Somebody studied a bunch of recordings and found a mean ratio of 2.38:1. That sounds good on this record too. Further in the article are some observations of a correlation between swing ratio and tempo.
2.5 is sort of the over-the-top classic laid-back sound. 1.25 also works very well and is typically close to what you hear on faster passages in a lot of jazz. It would be cool if this had multiple sections of music to show where different swing ratios are appropriate, like some faster and slower stuff, Bebop and other styles.
None of these really swing, because swing isn’t (just) about note duration; where the accents are placed, and which notes get partially swallowed are at least as important.
I don't think it's <1 anywhere in that song, not sure why you linked to this.

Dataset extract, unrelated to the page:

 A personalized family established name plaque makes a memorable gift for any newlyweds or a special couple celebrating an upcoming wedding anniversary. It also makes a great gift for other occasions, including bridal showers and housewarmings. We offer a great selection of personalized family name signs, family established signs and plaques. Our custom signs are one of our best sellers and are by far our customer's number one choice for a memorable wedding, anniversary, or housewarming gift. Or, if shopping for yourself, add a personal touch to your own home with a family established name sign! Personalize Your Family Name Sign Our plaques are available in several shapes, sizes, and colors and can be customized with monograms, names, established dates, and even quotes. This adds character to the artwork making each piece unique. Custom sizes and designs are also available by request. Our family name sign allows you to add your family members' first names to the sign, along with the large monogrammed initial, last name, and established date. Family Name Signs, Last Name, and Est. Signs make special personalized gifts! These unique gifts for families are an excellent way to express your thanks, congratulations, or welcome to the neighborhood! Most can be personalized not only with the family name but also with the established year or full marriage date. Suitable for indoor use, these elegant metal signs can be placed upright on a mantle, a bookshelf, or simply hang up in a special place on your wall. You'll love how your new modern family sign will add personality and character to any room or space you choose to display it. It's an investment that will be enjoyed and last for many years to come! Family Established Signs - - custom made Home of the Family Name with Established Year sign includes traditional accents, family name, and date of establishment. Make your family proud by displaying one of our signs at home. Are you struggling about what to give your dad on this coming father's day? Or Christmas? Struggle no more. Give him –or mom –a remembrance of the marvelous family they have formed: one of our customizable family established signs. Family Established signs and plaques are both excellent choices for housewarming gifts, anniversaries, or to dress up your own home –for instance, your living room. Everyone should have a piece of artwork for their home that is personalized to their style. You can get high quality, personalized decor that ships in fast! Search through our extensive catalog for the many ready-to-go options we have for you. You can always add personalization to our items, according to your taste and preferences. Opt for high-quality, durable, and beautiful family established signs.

It sounds a bit less than 2 mostly, the super-common 12/8 shuffle feel, as in e.g. Rock Around The Clock (1955) https://www.youtube.com/watch?v=ZgdufzXvjqw and a zillion other songs.
putting it below 1 reveals one thing swing does- it orients your ear to the beat. as i think lots of musical devices do, it enhances perception. it sounds "backwards" when you have it less than 1
That would depend on the tempo, the listener, and a host of other things.
One thing I learnt, funk feels like this: https://youtu.be/gLjXWiZVCrs?t=297 - Clyde Stubblefield's amazing drum feel on Give It Up Or Turnit A Loose - rely on a very subtle swing ratio, very slightly >1. I've found delaying the offbeat quavers (1/8 notes) by something like 1/32 note triplets gives something like this feel. It doesn't sound swung, but if you play it evenly (with a 1:1 swing ratio), it sounds horrible, dead, the groove is lost.
1.06 is rounded to 1.10. It's clearly audible, and IMO a big improvement over 1.0. I think 1.2 is even better, and 1.3 also good, but beyond that the effect becomes too exaggerated for my taste.
Sub 1.0 ratios are interesting. I don't think they sound very good, but they make it feel like the tempo is slower despite being the same.